Have you tried warming up the GPU before reporting the numbers? If not, I would suggest running a few warm-up steps first before reporting the numbers.
Thanks for the detailed thread. Might be a good candidate for discussions.
Have you tried warming up the GPU before reporting the numbers? If not, I would suggest running a few warm-up steps first before reporting the numbers.
I also tried num_inference_steps=50, even in the last loop, the time did not change alot (even a little slower). So, I didn't try warming up.
In addition to what Sayak said, to my knowledge, PyTorch makes calculations asynchronously in GPU. So, could you put torch.cuda.synchronise() before each time.time()?
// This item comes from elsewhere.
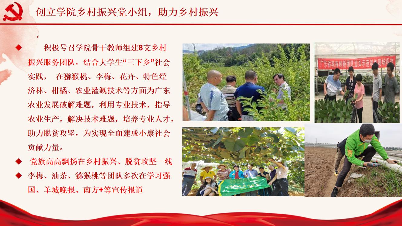 学院建立乡村振兴党组织,推动广东乡村振兴战略落地,根据学科、专业、产业特点组成8支乡村振兴服务团队,对接产业,服务广东农村地区,加快推进乡村治理体系和治理能力现代化。
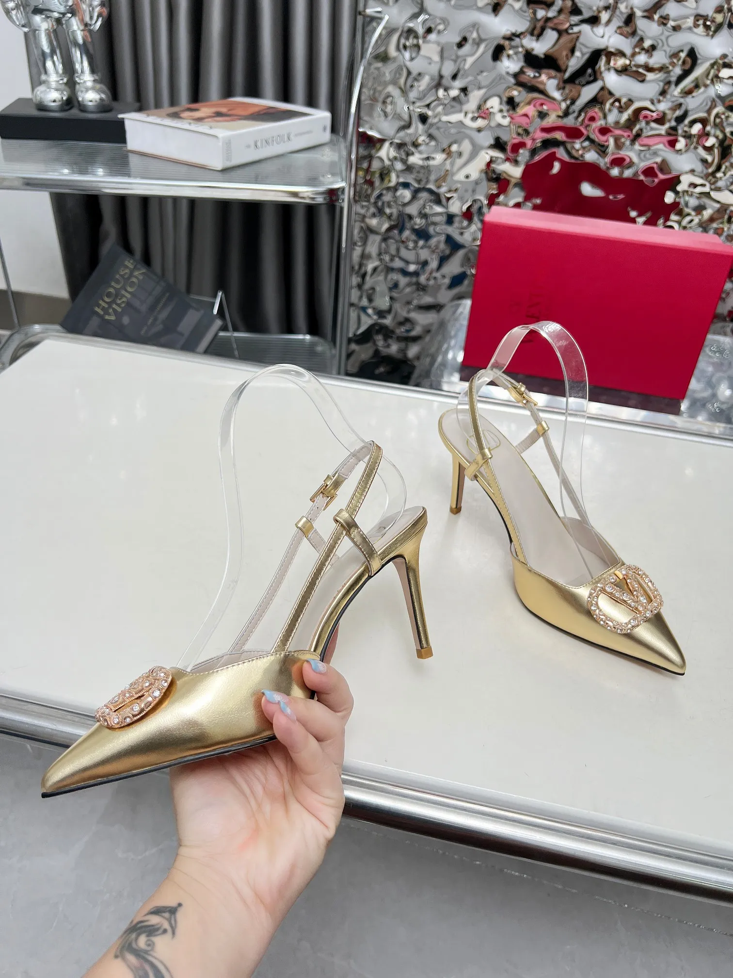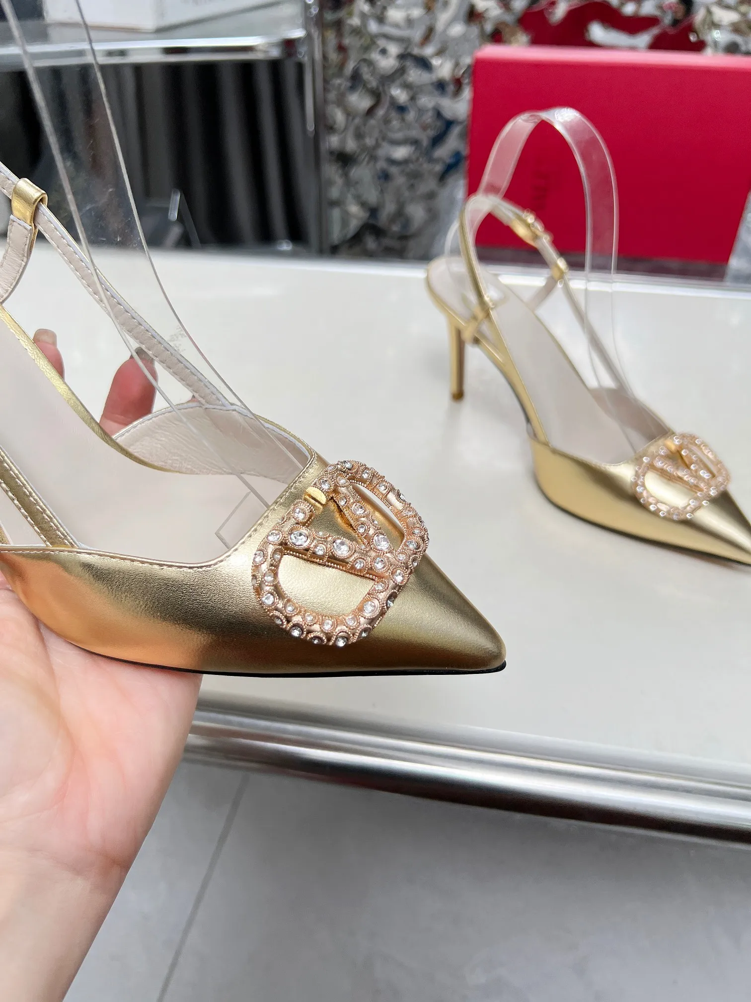 华伦天奴 时装高跟 新款配钻凉鞋8厘米.实拍图 码数35-40 可以订做41-42 头层软牛皮 内羊皮

Also, time.perf_counter() is recommended most of the time instead of time.time().
To my knowledge, PyTorch makes calculations asynchronously in GPU. So, could you put
torch.cuda.synchronise()before eachtime.time()? Also,time.perf_counter()is recommended most of the time instead oftime.time().
Thanks!
I add torch.cuda.synchronize() after UNet, and the time seems right!
Also, I'm curious about what happened during torch.cuda.synchronize().
And it goes strange when I remove if self.do_classifier_free_guidance:, will that cause any problem?
Thanks again!
you might also want to try generating a flame graph on a Linux system.